» Data shown:
____________
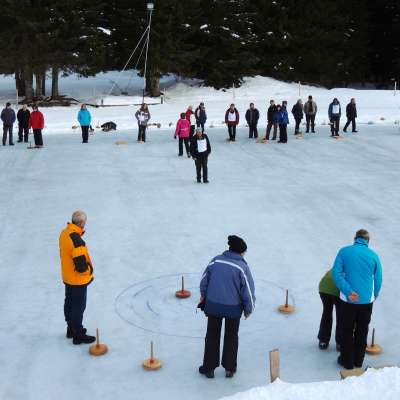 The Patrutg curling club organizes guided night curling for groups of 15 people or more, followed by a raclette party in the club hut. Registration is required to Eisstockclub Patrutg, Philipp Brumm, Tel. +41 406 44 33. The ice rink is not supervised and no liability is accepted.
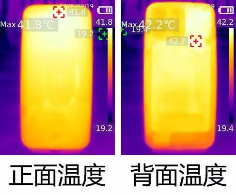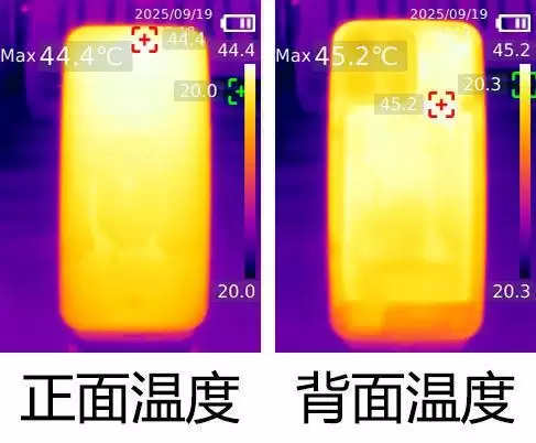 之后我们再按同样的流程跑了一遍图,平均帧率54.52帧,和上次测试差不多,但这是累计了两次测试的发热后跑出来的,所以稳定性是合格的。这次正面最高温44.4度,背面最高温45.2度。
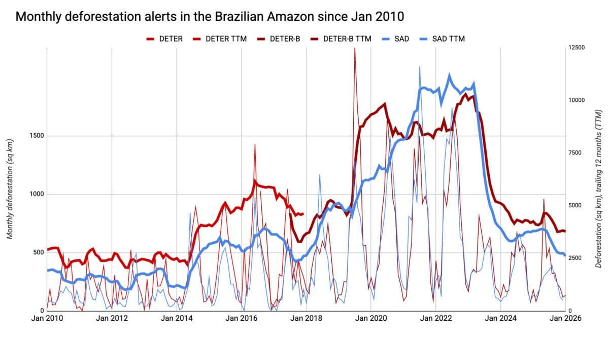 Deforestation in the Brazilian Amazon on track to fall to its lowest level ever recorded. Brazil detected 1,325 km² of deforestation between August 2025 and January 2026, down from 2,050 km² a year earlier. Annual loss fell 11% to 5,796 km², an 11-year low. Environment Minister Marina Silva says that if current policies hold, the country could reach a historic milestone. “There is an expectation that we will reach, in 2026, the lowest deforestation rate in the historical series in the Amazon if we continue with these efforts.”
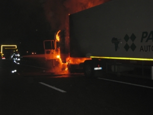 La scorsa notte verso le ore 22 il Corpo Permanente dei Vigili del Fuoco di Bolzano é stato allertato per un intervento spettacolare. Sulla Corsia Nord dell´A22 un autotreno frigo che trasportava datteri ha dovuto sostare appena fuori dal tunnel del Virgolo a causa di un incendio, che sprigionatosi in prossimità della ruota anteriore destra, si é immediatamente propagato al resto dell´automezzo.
____________
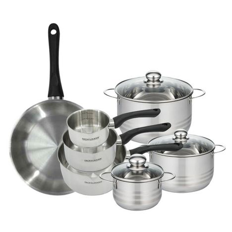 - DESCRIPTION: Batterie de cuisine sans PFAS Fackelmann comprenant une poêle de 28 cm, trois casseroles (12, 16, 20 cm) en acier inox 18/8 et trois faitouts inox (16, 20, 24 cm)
____________
Look above for the line with "之后我们再按同样的流程跑了一" and copy exactly from it through the line with "La scorsa notte", both included. Omit the pictures.

» Output for this exercise:
 之后我们再按同样的流程跑了一遍图,平均帧率54.52帧,和上次测试差不多,但这是累计了两次测试的发热后跑出来的,所以稳定性是合格的。这次正面最高温44.4度,背面最高温45.2度。
 Deforestation in the Brazilian Amazon on track to fall to its lowest level ever recorded. Brazil detected 1,325 km² of deforestation between August 2025 and January 2026, down from 2,050 km² a year earlier. Annual loss fell 11% to 5,796 km², an 11-year low. Environment Minister Marina Silva says that if current policies hold, the country could reach a historic milestone. “There is an expectation that we will reach, in 2026, the lowest deforestation rate in the historical series in the Amazon if we continue with these efforts.”
 La scorsa notte verso le ore 22 il Corpo Permanente dei Vigili del Fuoco di Bolzano é stato allertato per un intervento spettacolare. Sulla Corsia Nord dell´A22 un autotreno frigo che trasportava datteri ha dovuto sostare appena fuori dal tunnel del Virgolo a causa di un incendio, che sprigionatosi in prossimità della ruota anteriore destra, si é immediatamente propagato al resto dell´automezzo.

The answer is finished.